Auckland Patients Group (APG) is renewing its call for an amnesty for compassionate providers, carers and their patients. The request seeks to include registered herbal practitioners as the demand for medicinal cannabis products increases. The call is strongly supported by the New Zealand Association of Medical Herbalists (NZAMH).

It follows confirmation last week that the referendum on recreational cannabis use for adults narrowly failed. This week, New Zealand’s first medicinal cannabis summit, MedCan 2020, took place in Auckland, with locally made products expected to be available for patients, via prescription, from next year. However, APG says this transition period could take up to two to four years as seen in the UK and Australia.

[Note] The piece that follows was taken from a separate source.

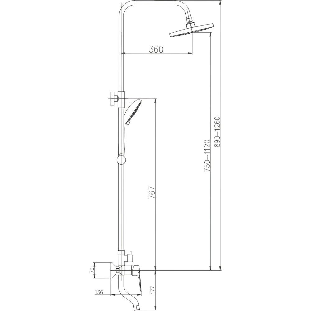 Душевая стойка Haiba HB2414 имеет высоту 126 см и оснащена верхним душем диаметром 20 см, с вылетом 36 см. Душевой шланг длиной 150 см с металлической конструкцией обеспечивает надёжность, а специальный механизм предотвращает перекручивание. Комплект включает фиксированный традиционный излив длиной 13.6 см и элегантную душевую лейку с тремя режимами струи для различных настроений в душе. Смеситель уже в комплекте, что упрощает установку и обеспечивает максимальную функциональность.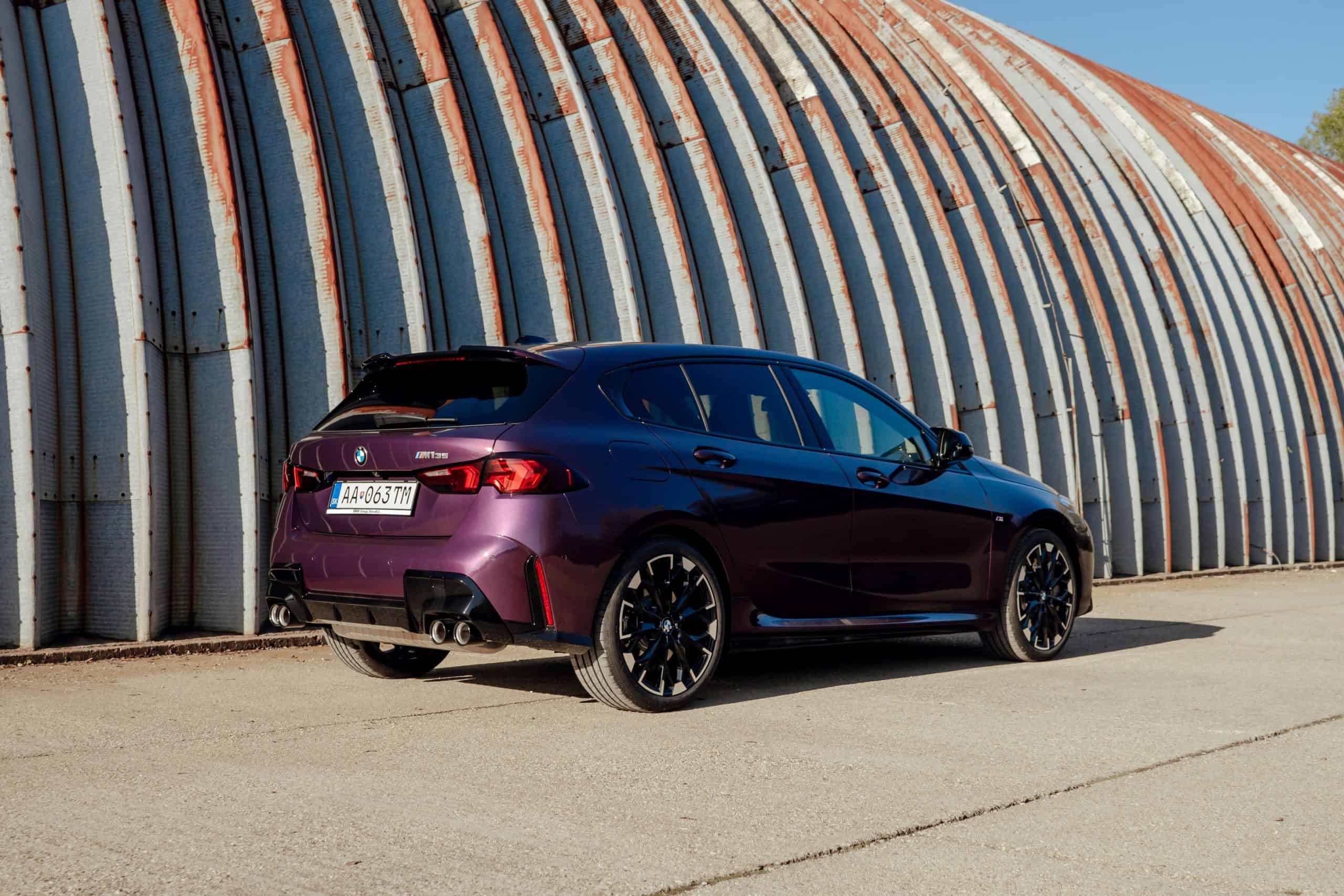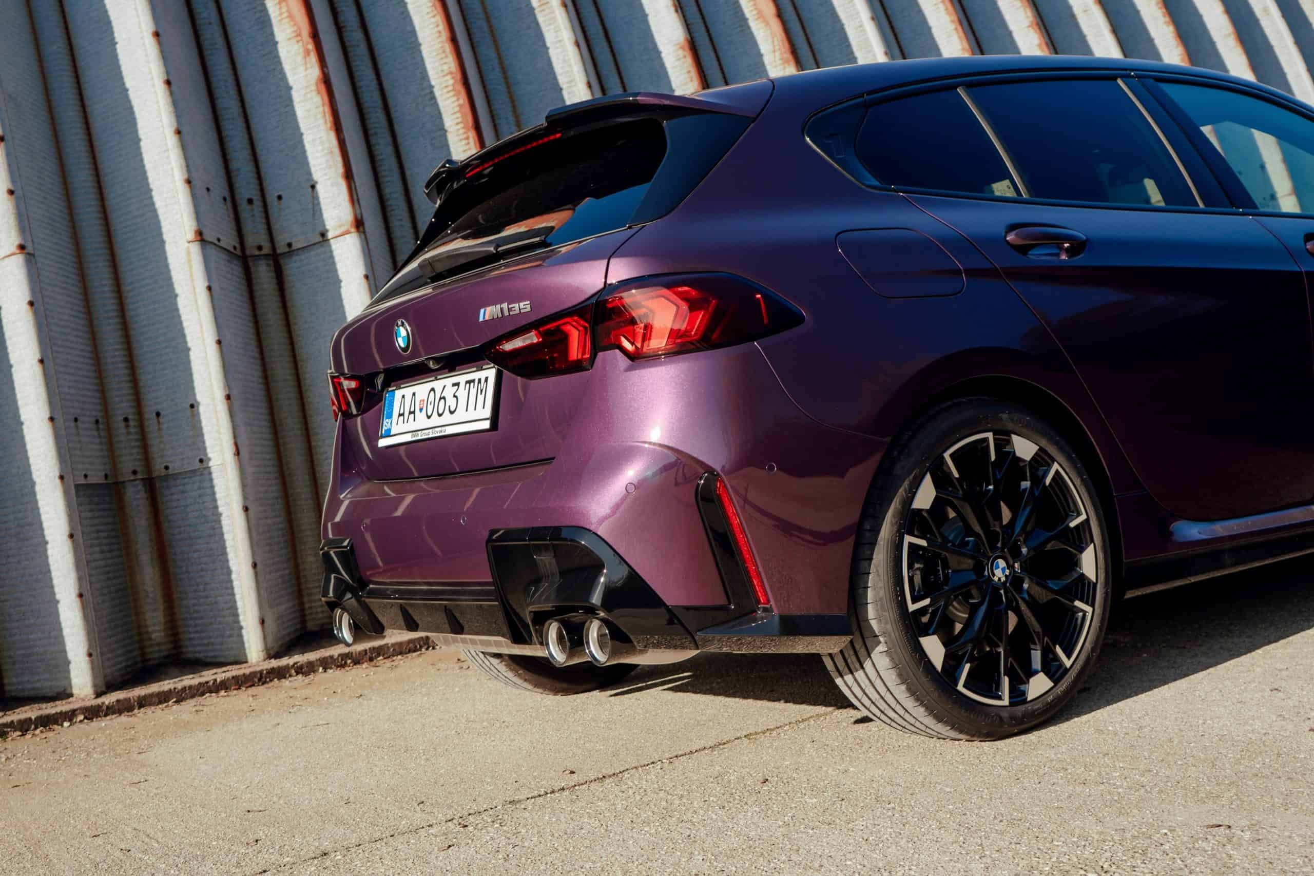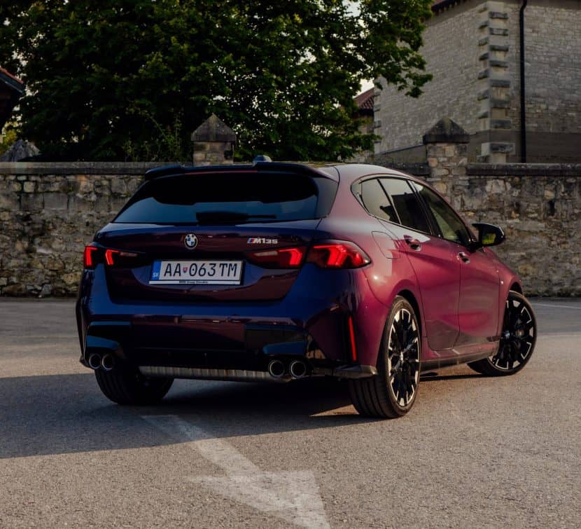Thundernight is one of several color-shifting BMW paints. It switches from purple to an almost black shade depending on how the light hits the car. This fresh gallery is a good opportunity to see how it spices up Bavaria’s Volkswagen Golf R rival. This M135 also happens to have one of the larger 19-inch wheel sets available. You can tell it has the optional compound brakes by the M-branded gray calipers.

“Pharmaceutical cannabis products should not be the only access pathway for patients and to date the herbal model with trained practitioners has not been identified,” says Erin Hudson, medical herbalist and spokesperson for Auckland Patients Group. “An amnesty would provide a safer environment for the patient and their supporters including medical herbalists, thereby reducing the risk to vulnerable patients,” she says.

Many patients, with a wide range of serious health issues, benefit from the use of non-pharmaceutical cannabis products. Pharmaceutical medicinal cannabis is expensive and access is limited which makes an amnesty crucial during this transition.

NZAMH supports this stance and says they will continue to advocate for a more appropriate long-term prescribing system to enable improved and legitimate access to medicinal cannabis products for New Zealand patients requiring them.

“Many patients are encountering huge difficulties in accessing legal and efficacious cannabis-based products. Research shows that most medical practitioners feel that they don’t have the education, time, available products, or the product knowledge to feel comfortable prescribing them,” says Mike Eyres, NZAMH spokesperson.

Professional Members of NZAMH, on the other hand, have undergone extensive degree and/or post-graduate level training in herbal medicine. Last year NZAMH formally requested professional prescribing rights for its members to cannabis preparations, as part of the Medicinal Cannabis Scheme, which was declined.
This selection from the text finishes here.